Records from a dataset
################

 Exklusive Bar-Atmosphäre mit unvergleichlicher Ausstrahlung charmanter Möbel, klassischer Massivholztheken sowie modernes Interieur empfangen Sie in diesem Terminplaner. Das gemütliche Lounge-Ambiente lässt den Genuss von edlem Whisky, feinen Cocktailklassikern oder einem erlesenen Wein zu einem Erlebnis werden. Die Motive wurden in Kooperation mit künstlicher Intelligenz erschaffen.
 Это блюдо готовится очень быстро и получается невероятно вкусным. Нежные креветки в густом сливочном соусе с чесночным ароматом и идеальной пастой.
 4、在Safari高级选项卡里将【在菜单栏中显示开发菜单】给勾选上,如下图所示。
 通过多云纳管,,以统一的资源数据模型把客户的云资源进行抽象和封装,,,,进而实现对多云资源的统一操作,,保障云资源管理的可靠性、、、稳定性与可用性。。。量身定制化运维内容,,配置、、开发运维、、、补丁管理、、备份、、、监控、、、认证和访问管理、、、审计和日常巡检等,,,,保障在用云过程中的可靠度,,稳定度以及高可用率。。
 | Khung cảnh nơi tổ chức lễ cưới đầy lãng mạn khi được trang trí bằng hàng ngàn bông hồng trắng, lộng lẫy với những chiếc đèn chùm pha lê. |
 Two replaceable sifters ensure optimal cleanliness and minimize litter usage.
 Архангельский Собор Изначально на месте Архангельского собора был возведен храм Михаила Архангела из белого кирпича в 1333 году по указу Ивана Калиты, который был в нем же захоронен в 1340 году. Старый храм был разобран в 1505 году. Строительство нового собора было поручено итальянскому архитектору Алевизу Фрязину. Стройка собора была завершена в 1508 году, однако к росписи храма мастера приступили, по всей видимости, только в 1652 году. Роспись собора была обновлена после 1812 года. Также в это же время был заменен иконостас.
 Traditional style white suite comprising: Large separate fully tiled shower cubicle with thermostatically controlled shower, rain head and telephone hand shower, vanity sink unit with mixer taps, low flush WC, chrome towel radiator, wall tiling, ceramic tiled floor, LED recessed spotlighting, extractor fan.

################

**Activity**
Write out, exactly as they appear, the lines from the one containing "Архангельский Собор Изначально" through the last line of the records above, both included, and nothing more.

**Your response**
 Архангельский Собор Изначально на месте Архангельского собора был возведен храм Михаила Архангела из белого кирпича в 1333 году по указу Ивана Калиты, который был в нем же захоронен в 1340 году. Старый храм был разобран в 1505 году. Строительство нового собора было поручено итальянскому архитектору Алевизу Фрязину. Стройка собора была завершена в 1508 году, однако к росписи храма мастера приступили, по всей видимости, только в 1652 году. Роспись собора была обновлена после 1812 года. Также в это же время был заменен иконостас.
 Traditional style white suite comprising: Large separate fully tiled shower cubicle with thermostatically controlled shower, rain head and telephone hand shower, vanity sink unit with mixer taps, low flush WC, chrome towel radiator, wall tiling, ceramic tiled floor, LED recessed spotlighting, extractor fan.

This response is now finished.